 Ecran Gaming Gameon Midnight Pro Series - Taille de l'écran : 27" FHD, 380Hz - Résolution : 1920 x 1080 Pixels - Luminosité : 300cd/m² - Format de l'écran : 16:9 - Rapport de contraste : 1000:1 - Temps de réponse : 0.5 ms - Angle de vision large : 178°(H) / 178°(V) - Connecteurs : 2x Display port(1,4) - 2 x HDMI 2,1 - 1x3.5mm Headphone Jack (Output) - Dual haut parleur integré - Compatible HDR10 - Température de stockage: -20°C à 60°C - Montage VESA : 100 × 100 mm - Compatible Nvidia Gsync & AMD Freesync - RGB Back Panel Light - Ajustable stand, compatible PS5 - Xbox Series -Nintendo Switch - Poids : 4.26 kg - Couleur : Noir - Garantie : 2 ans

* * *

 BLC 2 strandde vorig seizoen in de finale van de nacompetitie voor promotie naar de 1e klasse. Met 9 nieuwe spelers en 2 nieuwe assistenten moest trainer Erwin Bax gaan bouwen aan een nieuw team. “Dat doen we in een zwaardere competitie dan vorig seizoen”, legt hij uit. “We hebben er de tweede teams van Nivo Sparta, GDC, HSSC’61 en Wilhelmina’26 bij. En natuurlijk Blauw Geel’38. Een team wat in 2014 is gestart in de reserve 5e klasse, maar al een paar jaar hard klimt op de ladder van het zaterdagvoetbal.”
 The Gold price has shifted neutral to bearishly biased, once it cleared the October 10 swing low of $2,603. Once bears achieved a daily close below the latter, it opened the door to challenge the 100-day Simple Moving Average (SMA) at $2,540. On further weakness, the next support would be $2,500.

...

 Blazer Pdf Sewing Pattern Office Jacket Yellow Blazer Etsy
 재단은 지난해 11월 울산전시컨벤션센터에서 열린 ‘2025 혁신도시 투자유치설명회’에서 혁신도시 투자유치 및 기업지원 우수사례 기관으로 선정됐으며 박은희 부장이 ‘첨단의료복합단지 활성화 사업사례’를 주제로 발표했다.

## TASK DETAILS
Please write out, exactly as they appear above, only the lines in the stretch from the line with "BLC 2 strandde" through the line with "The Gold price".

## REPLY TO THE TASK
 BLC 2 strandde vorig seizoen in de finale van de nacompetitie voor promotie naar de 1e klasse. Met 9 nieuwe spelers en 2 nieuwe assistenten moest trainer Erwin Bax gaan bouwen aan een nieuw team. “Dat doen we in een zwaardere competitie dan vorig seizoen”, legt hij uit. “We hebben er de tweede teams van Nivo Sparta, GDC, HSSC’61 en Wilhelmina’26 bij. En natuurlijk Blauw Geel’38. Een team wat in 2014 is gestart in de reserve 5e klasse, maar al een paar jaar hard klimt op de ladder van het zaterdagvoetbal.”
 The Gold price has shifted neutral to bearishly biased, once it cleared the October 10 swing low of $2,603. Once bears achieved a daily close below the latter, it opened the door to challenge the 100-day Simple Moving Average (SMA) at $2,540. On further weakness, the next support would be $2,500.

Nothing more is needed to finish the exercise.